Question

How do you find the vertex of `F(x)=x^2+2x-8`?

Answer 1

-1

Explanation:

For a quadratic function like this, the vertices are points of symmetry.

We can use a shortcut such that:
`x=(-b)/(2a)`

In your case, `b` is 2 and `a` is 1. So:
`-2/(2*1)=-1`

Confirm it on a graph.
graph{x^2+2x-8 [-25.8, 25.8, -18.1, 7.7]}

Answer 2

The vertex is when the gradient is 0.

Explanation:

Differentiate and find `x` where `F'(x) = 0`

`F(x) = x^2 + 2x - 8`

`F'(x) = 2x + 2`

`0 = 2x+ 2`

`x = -1`

`F(-1) = (-1)^2 + 2(-1) - 8`

`F(-1) = -9`

Therefore the vertex is: `(-1, -9)`

Answer 3

Vertex is (-1, -9)

Explanation:

To find the x-value of the vertex, we use the formula `x=(-b)/(2a)` (This is considered the axis of symmetry).

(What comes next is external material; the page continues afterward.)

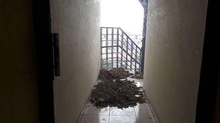 Theo bà Nhung, cửa thoát hiểm theo cầu thang bộ xuống tầng hầm của tòa nhà trước nay luôn được khóa chặt. Cầu thang trở thành chỗ phơi quần áo, đổ rác của mọi người.

`a=1` and `b=2` with `c=-8` (These are the numbers in order)

By substituting we get `x=(-(2))/(2*1)`, which simplifies to `x=-1`.

Once you find x, substitute back into the equation to find y.
`y=(-1)^2+2(-1)-8`
`y=1-2-8`
`y=-9`

Putting the two numbers together you get the coordinates `(-1, -9)`.